Another possibility is that the outcome here will look very much like the Glenn Foundation initiatives that have established laboratories for longevity science around the country. Most of those funds and the resulting work presently goes towards the slow, ineffective path to extending human life: manipulating metabolism, searching for ways to replicate the benefits of calorie restriction, and so forth. Slightly slowing aging isn't rejuvenation, it's arguably harder than creating rejuvenation, and it won't make any great different to the life span of anyone in middle age today. What use are medicines that can slightly slow aging if you are already old when they emerge? This, too, would be a waste of an opportunity, but is a plausible prediction.

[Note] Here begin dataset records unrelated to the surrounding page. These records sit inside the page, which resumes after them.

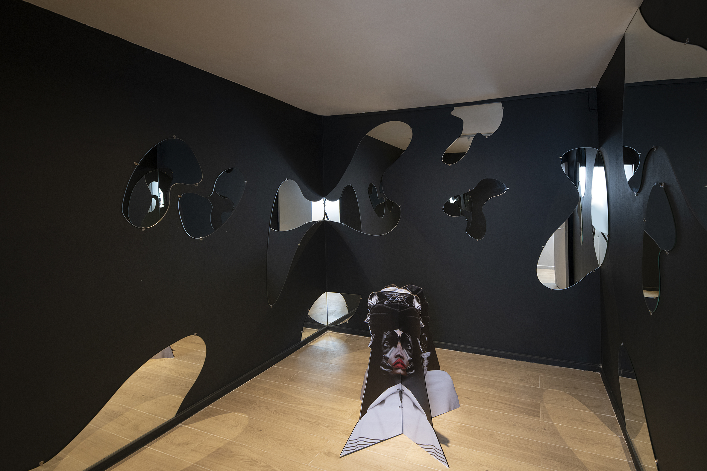 Lunga Ntila: As a team we thought it was important we guide the viewer through the space, leading them to the room where they see themselves and are immersed into the mirror room installation. You will notice there is a particular direction that the figures in the artworks are moving towards.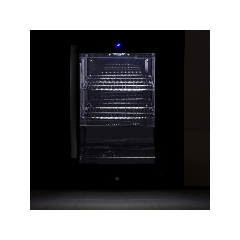 Talpus, lauko sąlygoms pritaikytas šaldytuvas su stiklo durimis užtikrina, kad gėrimai, padažai ar paruošti produktai visada būtų vėsūs ir po ranka.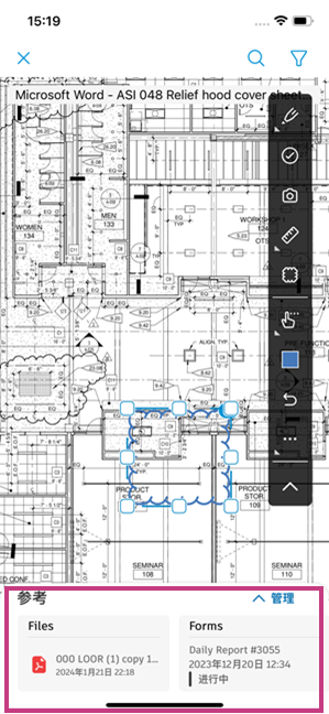 在 Forma mobile app 中,您可以在标记上添加对其他图纸、文件、RFI、表单、提交资料和资产的参考。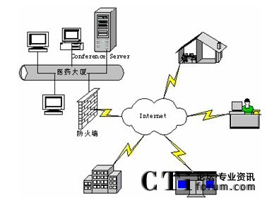 視頻會(huì)議服務(wù)器設(shè)置在上?偛浚ㄟ^(guò)電信的6M帶寬接入互聯(lián)網(wǎng),并配備有廣域網(wǎng)靜態(tài)IP地址。下屬生產(chǎn)基地和分支機(jī)構(gòu)通過(guò)電信ADSL接入和光纖接入等方式接入互聯(lián)網(wǎng)。這些點(diǎn)能夠?qū)崿F(xiàn)網(wǎng)絡(luò)視頻會(huì)議通訊,進(jìn)行音頻、視頻和數(shù)據(jù)的多方溝通。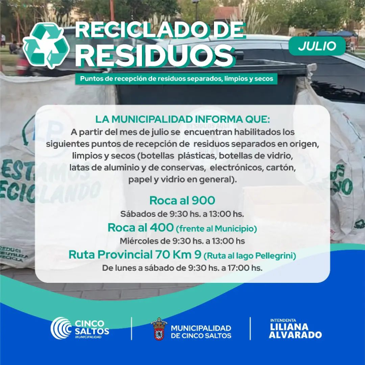 Desde el gobierno de Cinco Saltos anunciaron que la ciudad contará con diferentes puntos de reciclado. Detallaron que empezarán a funcionar en diferentes horarios a partir de julio. Enterate de qué se trata este nuevo servicio.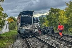 Jeden z vlakov vykoľajilo a trčí kolmo na trať.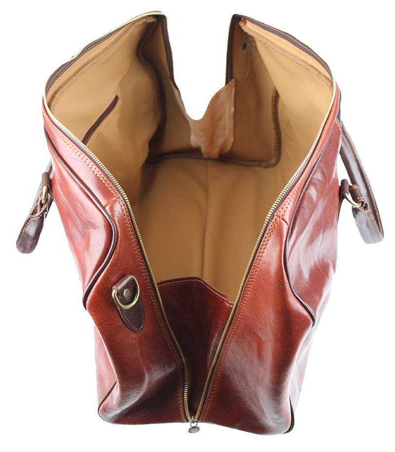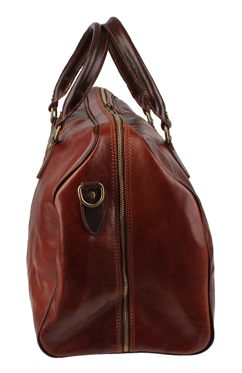 Luxusní kožená cestovní taška v hnědé barvě. Taška je vyrobena z hladké kvalitní Italské kůže. Součástí tašky je přídavný popruh o délce 107 cm. Taška se uzavírá kovovým zipem. Cestujte stylově s koženou taškou!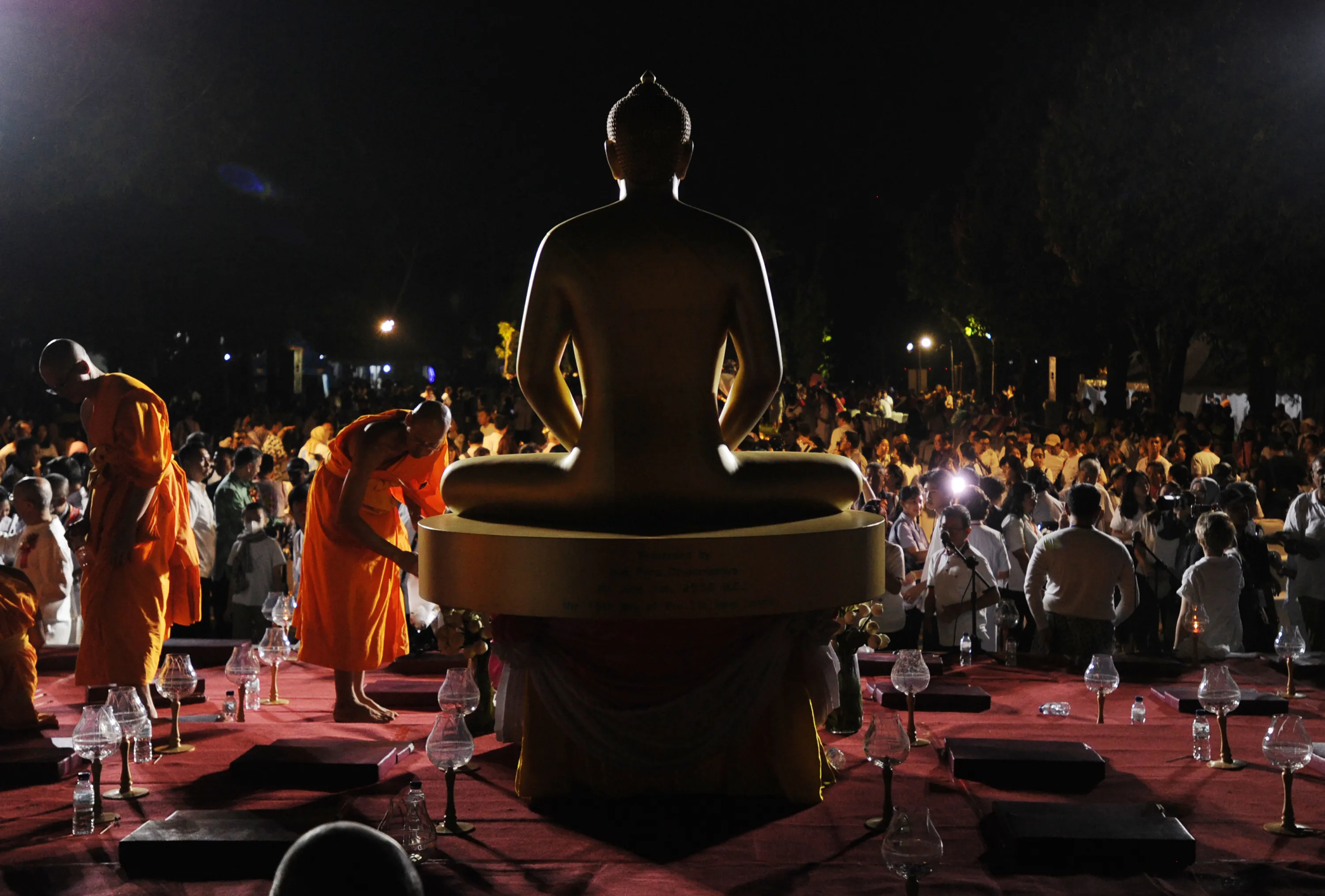Buddhist devotees attend the Vesak Day celebrations as they release lanterns into the air at Borobudur Temple in Magelang, Central Java, Indonesia on June 04, 2023. (Photo by Dasril Roszandi/Anadolu Agency via Getty Images)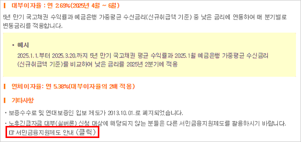 2025.1.1.부터 2025.3.20.까지 5년 만기 국고채권 평균 수익률과 2025년 1월 예금은행 가중평균 수신금리(신규취급액 기준)을 비교하여 낮은 금리를 2025년 2분기에 적용한다고 합니다. 참고로 연체 이자율은 연 5.38%로 대부이자율의 2배가 적용된다고 합니다.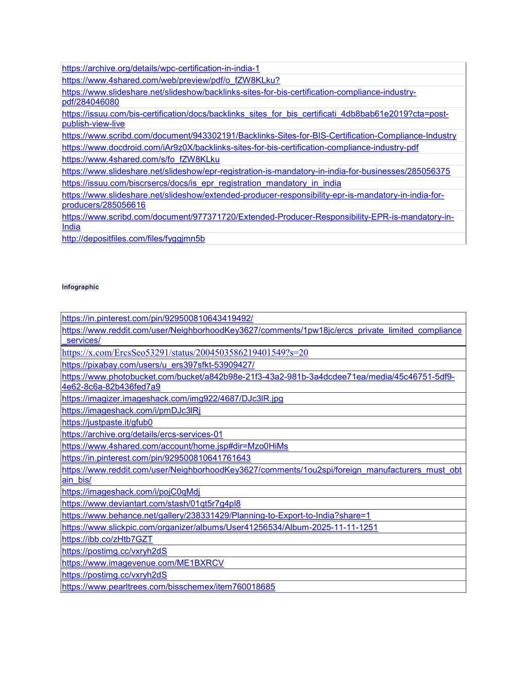 https://archive.org/details/wpc-certification-in-india-1 https://www.4shared.com/web/preview/pdf/o_fZW8KLku? https://www.slideshare.net/slideshow/backlinks-sites-for-bis-certification-compliance-industry- pdf/284046080 https://issuu.com/bis-certification/docs/backlinks_sites_for_bis_certificati_4db8bab61e2019?cta=post- publish-view-live https://www.scribd.com/document/943302191/Backlinks-Sites-for-BIS-Certification-Compliance-Industry https://www.docdroid.com/iAr9z0X/backlinks-sites-for-bis-certification-compliance-industry-pdf https://www.4shared.com/s/fo_fZW8KLku https://www.slideshare.net/slideshow/epr-registration-is-mandatory-in-india-for-businesses/285056375 https://issuu.com/biscrsercs/docs/is_epr_registration_mandatory_in_india https://www.slideshare.net/slideshow/extended-producer-responsibility-epr-is-mandatory-in-india-for- producers/285056616 https://www.scribd.com/document/977371720/Extended-Producer-Responsibility-EPR-is-mandatory-in- India http://depositfiles.com/files/fyggjmn5b Infographic https://in.pinterest.com/pin/929500810643419492/ https://www.reddit.com/user/NeighborhoodKey3627/comments/1pw18jc/ercs_private_limited_compliance _services/ https://x.com/ErcsSeo53291/status/2004503586219401549?s=20 https://pixabay.com/users/u_ers397sfkt-53909427/ https://www.photobucket.com/bucket/a842b98e-21f3-43a2-981b-3a4dcdee71ea/media/45c46751-5df9- 4e62-8c6a-82b436fed7a9 https://imagizer.imageshack.com/img922/4687/DJc3lR.jpg https://imageshack.com/i/pmDJc3lRj https://justpaste.it/gfub0 https://archive.org/details/ercs-services-01 https://www.4shared.com/account/home.jsp#dir=Mzo0HiMs https://in.pinterest.com/pin/929500810641761643 https://www.reddit.com/user/NeighborhoodKey3627/comments/1ou2spi/foreign_manufacturers_must_obt ain_bis/ https://imageshack.com/i/pojC0qMdj https://www.deviantart.com/stash/01qt5r7g4pl8 https://www.behance.net/gallery/238331429/Planning-to-Export-to-India?share=1 https://www.slickpic.com/organizer/albums/User41256534/Album-2025-11-11-1251 https://ibb.co/zHtb7GZT https://postimg.cc/vxryh2dS https://www.imagevenue.com/ME1BXRCV https://postimg.cc/vxryh2dS https://www.pearltrees.com/bisschemex/item760018685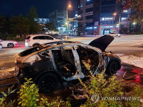 (전주=연합뉴스) 4일 오후 7시 46분께 전북 전주시 덕진구 중동의 한 도로를 주행 중이던 테슬라 전기차에서 불이 나 차량이 전소됐다. 운전자는 차에서 재빨리 대치해 큰 인명피해는 없는 것으로 알려졌다. 사진은 불이 난 차량. 2023.6.4 [전북소방본부 제공. 재판매 및 DB 금지]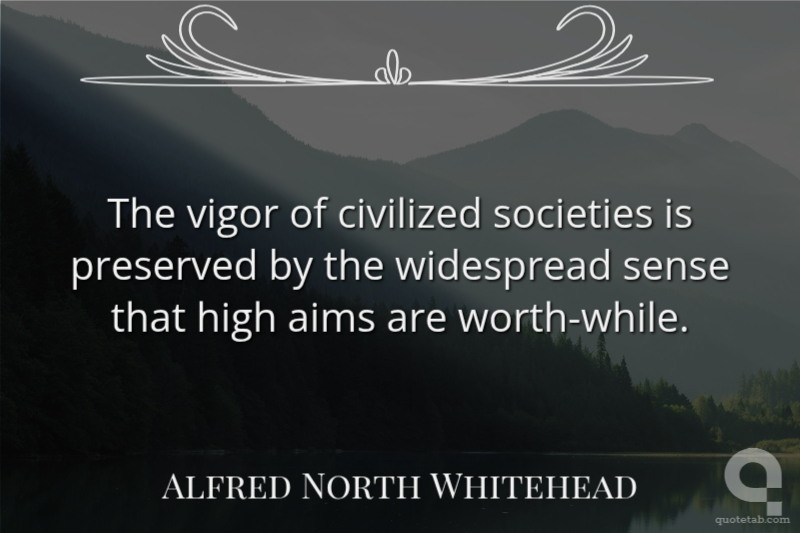 The vigor of civilized societies is preserved by the widespread sense that high aims are worth-while. Alfred North Whitehead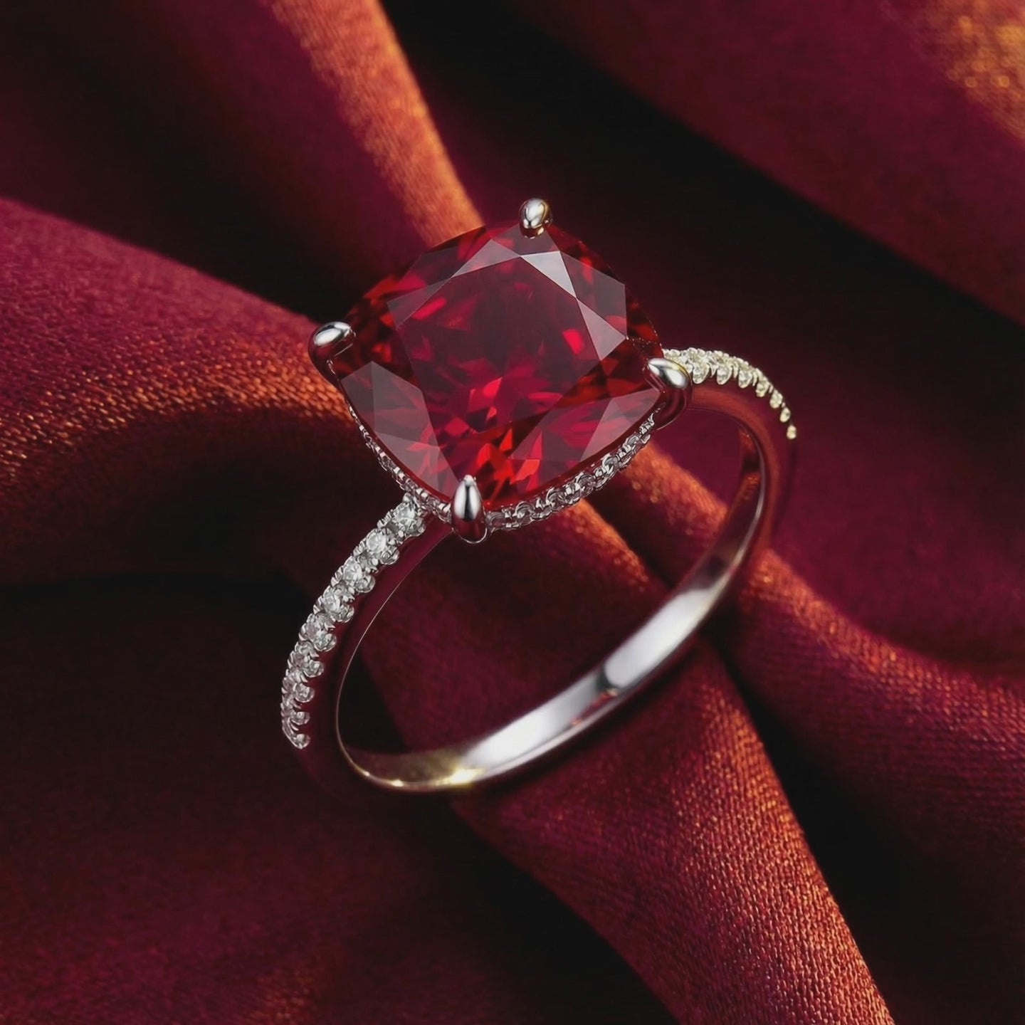 - Center Stone: 10x10mm Cushion-Cut Simulated Ruby (A5 Grade Zirconia).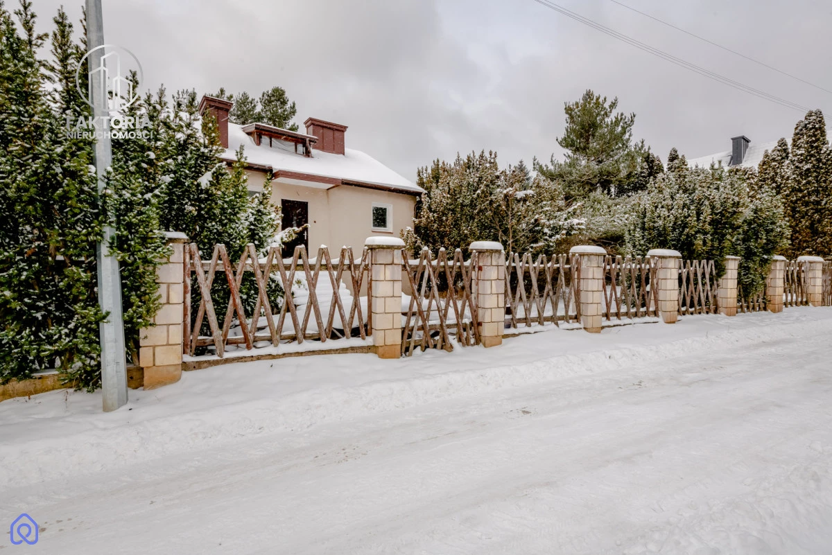 Dom znajduje się na dużej - 1364 m2, porośniętej drzewami działce. Działka w kształcie zbliżonym do kwadratu o wymiarach - szerokość wzdłuż drogi - 35 m2, długość - 40 m2. Teren ogrodzony.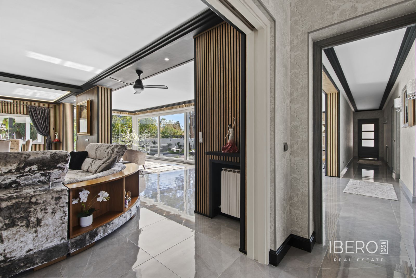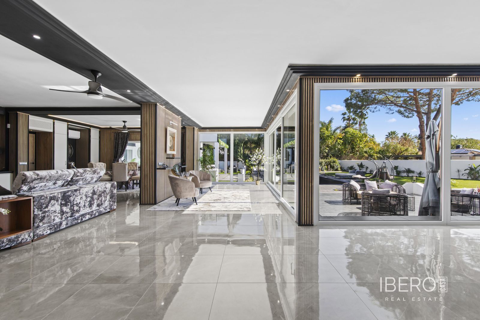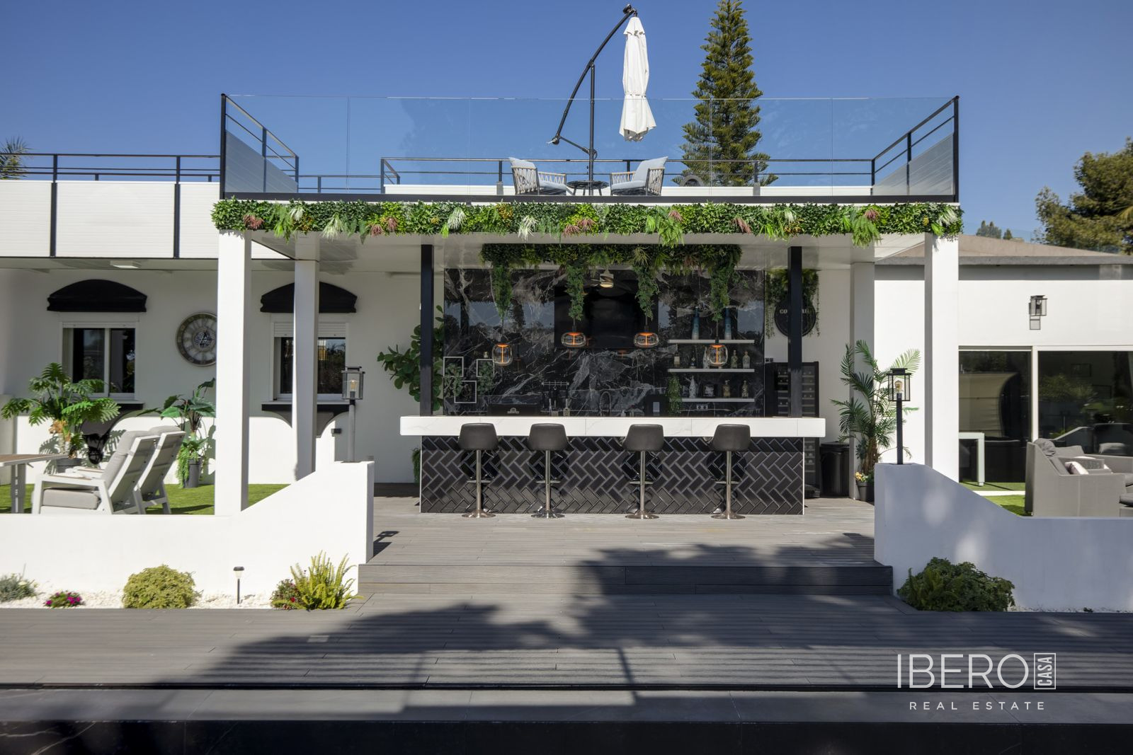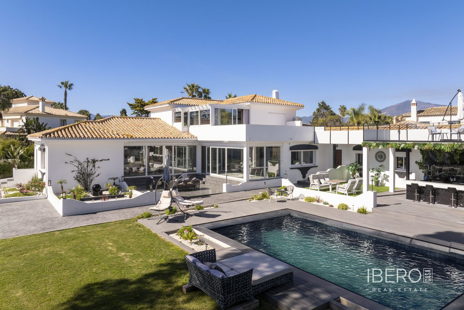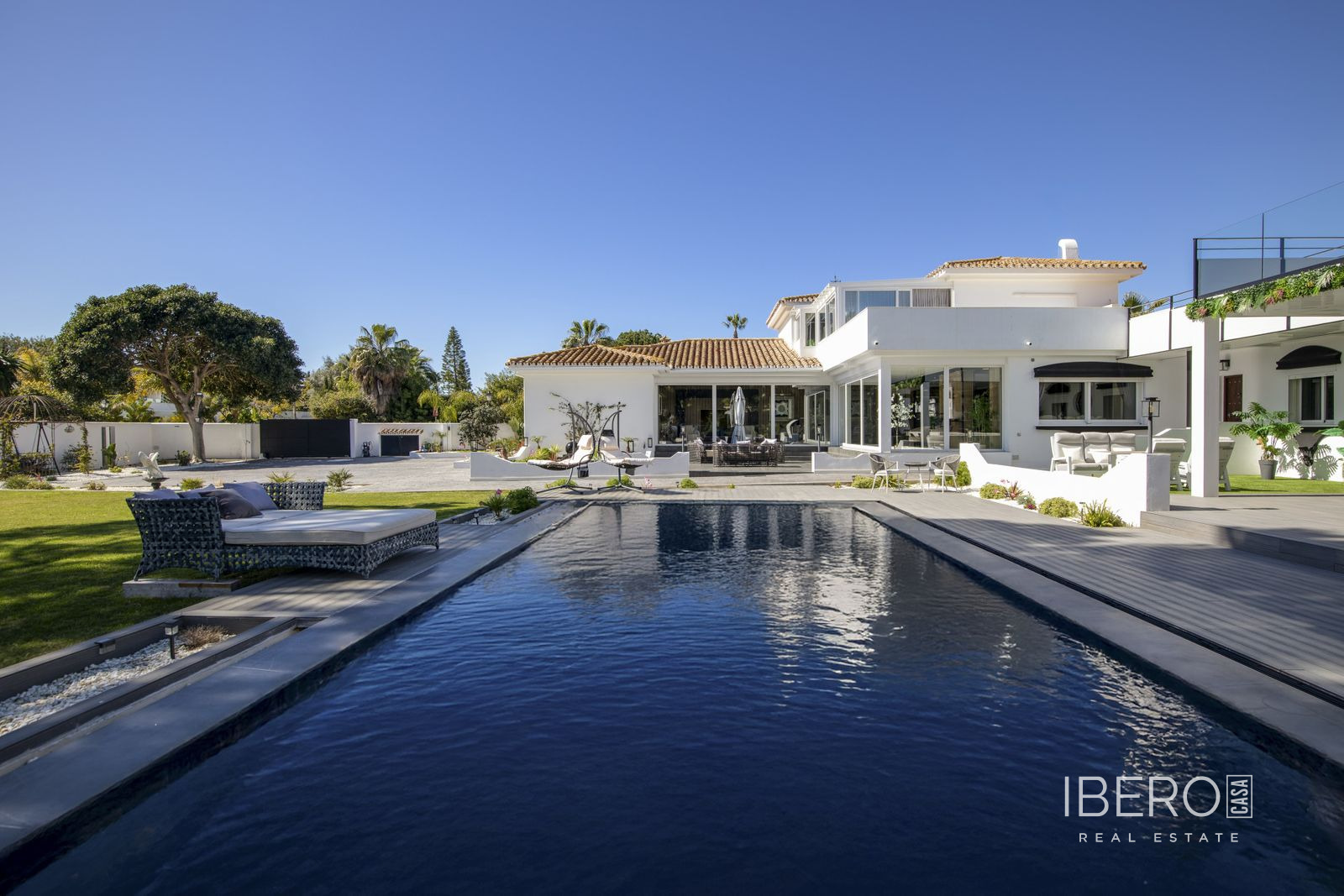 Tato úžasná nedávno zrekonstruovaná vila se nachází v prestižní oblasti Guadalmina Baja - Casasola, jen kousek od pláže, na mimořádně velkém soukromém pozemku, který nabízí prostor, soukromí a bezproblémové bydlení na pobřeží. Vila je navržena s ohledem na pohodlí a flexibilitu a nabízí pět prostorných ložnic, čtyři koupelny a toaletu pro hosty. Čtyři z ložnic se nacházejí v přízemí a všechny mají vlastní koupelnu, takže toto uspořádání je ideální pro rodinné bydlení. Působivé hlavní apartmá zabírá horní úroveň a nabízí velkorysou ložnici, rozsáhlou koupelnu s oddělenou toaletou a soukromou terasu - dokonalé útočiště vhodné zejména pro rodiny se staršími dětmi, které hledají vlastní prostor. Kromě toho je výhodou vily zcela oddělený, samostatný apartmán, ideální pro bydlení personálu, širší rodiny nebo jako nezávislé apartmá pro hosty. Venkovní prostory jsou skutečně výjimečné. Vzrostlá zahrada inspirovaná zenovou architekturou vytváří klidné a soukromé útočiště s venkovním barem, grilem a několika odpočinkovými zónami určenými pro zábavu a relaxaci. Herna dodává další všestrannost pro rodinnou zábavu. K praktickým prvkům patří garáž pro nejméně dvě auta, velký přední dvůr s možností parkování až pěti dalších vozidel, solární panely, částečné podlahové vytápění a klimatizace v celém domě - zajišťující celoroční pohodlí a energetickou účinnost. Vzácná příležitost vlastnit prostornou vilu připravenou k nastěhování v jedné z nejvyhledávanějších plážových lokalit na pobřeží Costa del Sol.

On balance, I will be pleasantly surprised if money flows from Google towards SENS research and similar work on human rejuvenation any time soon: I don't expect that to happen now. I expect Google to back the mainstream, and the mainstream today is not SENS, but rather the slow, painful, expensive attempt to build drugs that slightly slow aging. That said, I will also be surprised if significant money fails to flow from Google to SENS by 2018 or so, as the trajectory for SENS is for it to become a major faction within the aging research community. I expect that trajectory to accelerate as attempts to slow aging via drugs continue to produce poor or no results, and as incremental progress accrues in the foundation technologies needed for rejuvenation: mitochondrial replacement; cleaning up the lysosome; immunotherapies to clear amyloid; and so forth. Sooner or later, people start backing the winning horse, even if it takes them time to recognize that said horse is obviously, self-evidently better than the alternatives.